The plaintiff is represented by attorney Roofus Rehabber.

 

 

 

In the complaint, Joe Dips claims he was arrested without a warrant and without probable cause on________, 1978, in the Wagon's West Ballroom by Detective Hochheim. The plaintiff was told by Hochheim that he was under arrest for rape and murder, handcuffed, taken to the police department and jailed, the petition says

 

The city of is named as a defendant on grounds that since the detective acted under city authority and followed city policy in making the arrest, the city has failed to "properly train" the defendant in the legalities of making an arrest. Attorney Rehabber said the plaintiff was apparently mistaken for a suspect sought by police in the September 11, 1980, abduction, rape and murder of an 18-year-old, Texas waitress. The woman was assaulted, strangled and left for dead in woods near Hickory Creek Road, according to

County Sheriff's office offense reports.

 

"Investigators later identified as a suspect in the attack, a man who was also wanted for murder of a female in Arkansas. That suspect was later arrested in Syracuse, N.Y," the paper further reported.

 

Yep. Yessir. There I was cruising down the old Inter­state, burdened with one of those pesky unsolved murder cases. I needed a suspect, so I coasted into a bar parking lot, two-step, waltzed on in and looked the crowd over for a prime one.

 

"Well, there's Joe Dips over there," I said to myself. Never have liked em'. Why I shuffled on over there, arrested that sucker, slapped them cuffs on and yanked him out for rape and murder. Case closed, by God! ... sure.
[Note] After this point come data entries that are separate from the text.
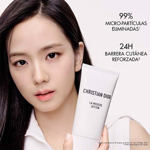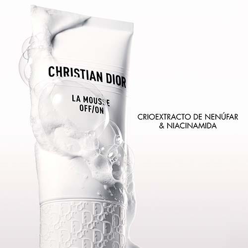 La espuma limpiadora facial La Mousse OFF/ON, enriquecida con crioextracto de nenúfar blanco y niacinamida refuerza la barrera cutánea y aporta hidratación y un acabado radiante a la tez. Su crema untuosa se transforma en una espuma aérea y perfumada al contacto con la piel.
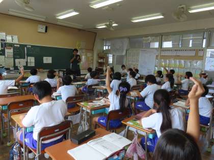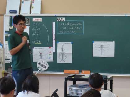 「こん虫のかんさつ」の学習はとても楽しそうです。今日は昆虫の成虫の体のつくりを学習しています。「これまで」学習したチョウの体のつくりのことを思い出して、「ここでは」バッタとトンボの体のつくりを調べて学習します。先生から学習課題が示されると、あちこちから知っていることが飛び交います。3年生はみんな昆虫博士です!
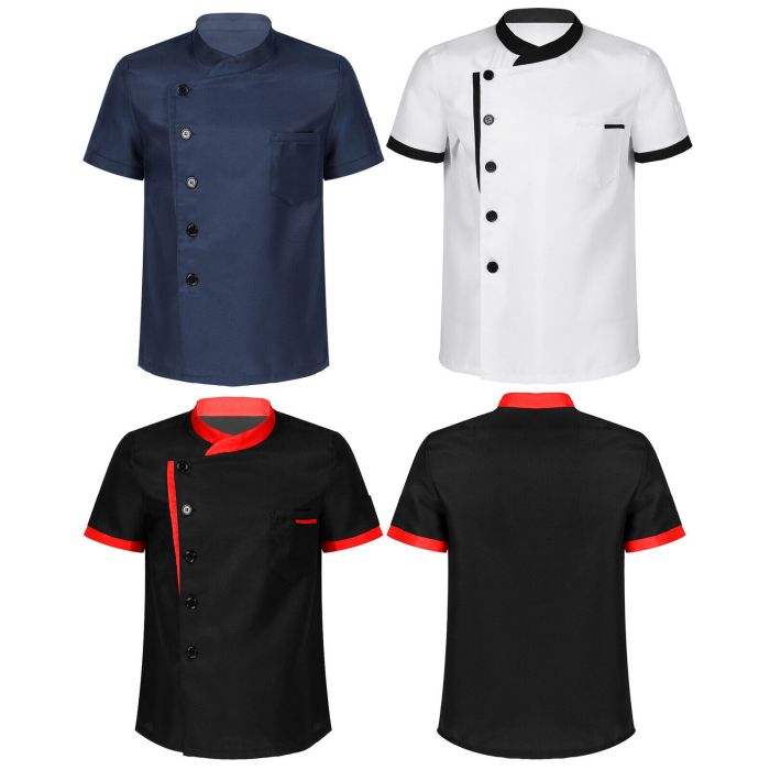 US ผู้ชายร้านอาหารครัวคอสเพลย์เครื่องแต่งกายชุดปุ่มเชฟทําอาหารเสื้อแจ็คเก็ต
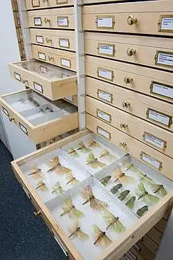 The only university entomology collection in New Zealand, the collection contains over 250,000 pinned insect specimens, including over 70 holotypes and a large collection of specimens in ethanol.[3][8] It is one of the largest and most diverse insect collections in New Zealand, smaller than the National Arthropod Collection at Landcare Research and comparable in size to holdings at Te Papa.[8] The collection is strongest in South Island species, especially from the West Coast and Southern Alps, with collections from the Chatham Islands, Three Kings, and subantarctic islands.[3] Taxonomically, its strengths are:[3][8]
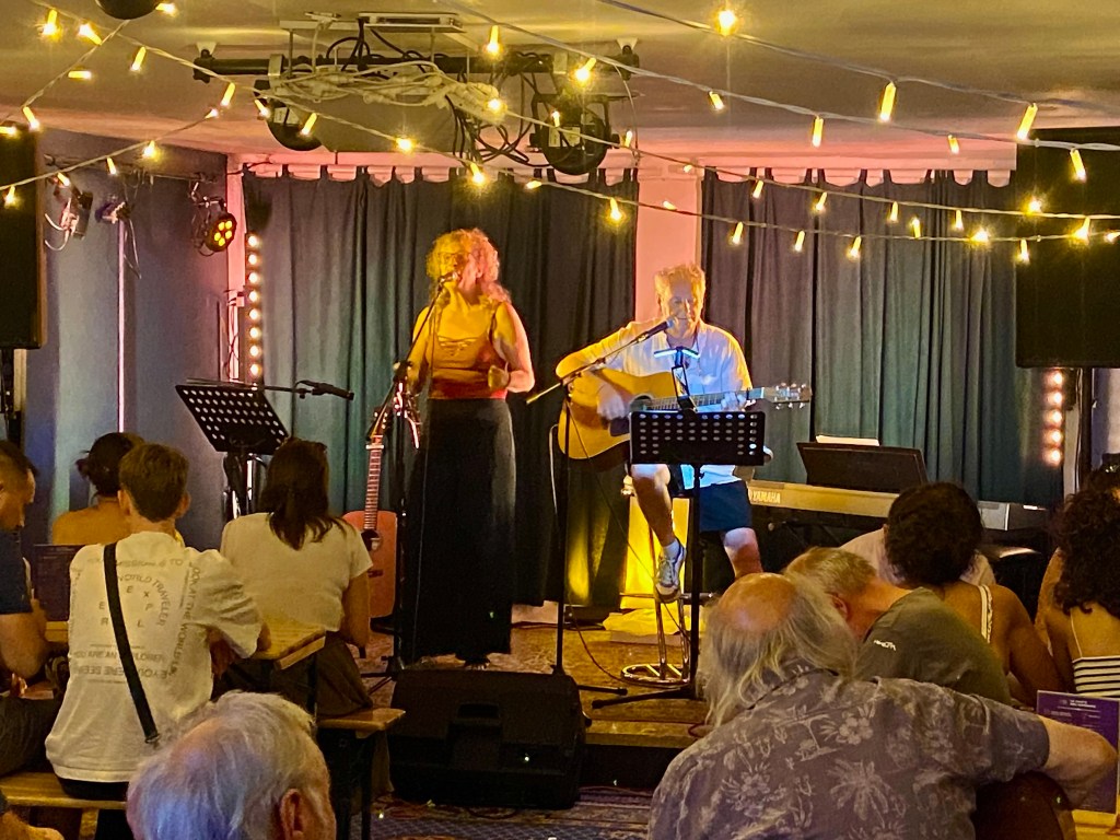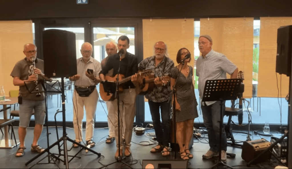 Puis un Apéro-Chansons le 25 juin au « Blue Zinc » avec de nouveaux et de nouvelles venus mais également un nombre record de participantes et participants ( 24 musiciens, chanteuses et chanteurs) sur le thème de la mer et des vacances:

What more can I say than the plaintiff's case is sheerest of horse's manure, in the deepest sense. Yes, he was the wrong man, completely wrong. But you know I didn't arrest him; I didn't even find him that night--another officer did. And this other officer didn't put him in jail either. So, in an ironic twist Dips and Rehabber were doing to me what they are accusing me of--picking on the wrong man!

My end of the ugly deal? One million. This was the first time I was sued in my young life, so you know, I took it a bit personal. EVERYONE in our city got to read what a untrained, screw-up I was. But, internally, our city PD from the Chief on down knew the knuckleheads at the County that were really responsible, knew Joe Dipps was..well...a local, alchoholic, dip-wad and esteemed attorney Rehabber was just out from another trip from the rehab house.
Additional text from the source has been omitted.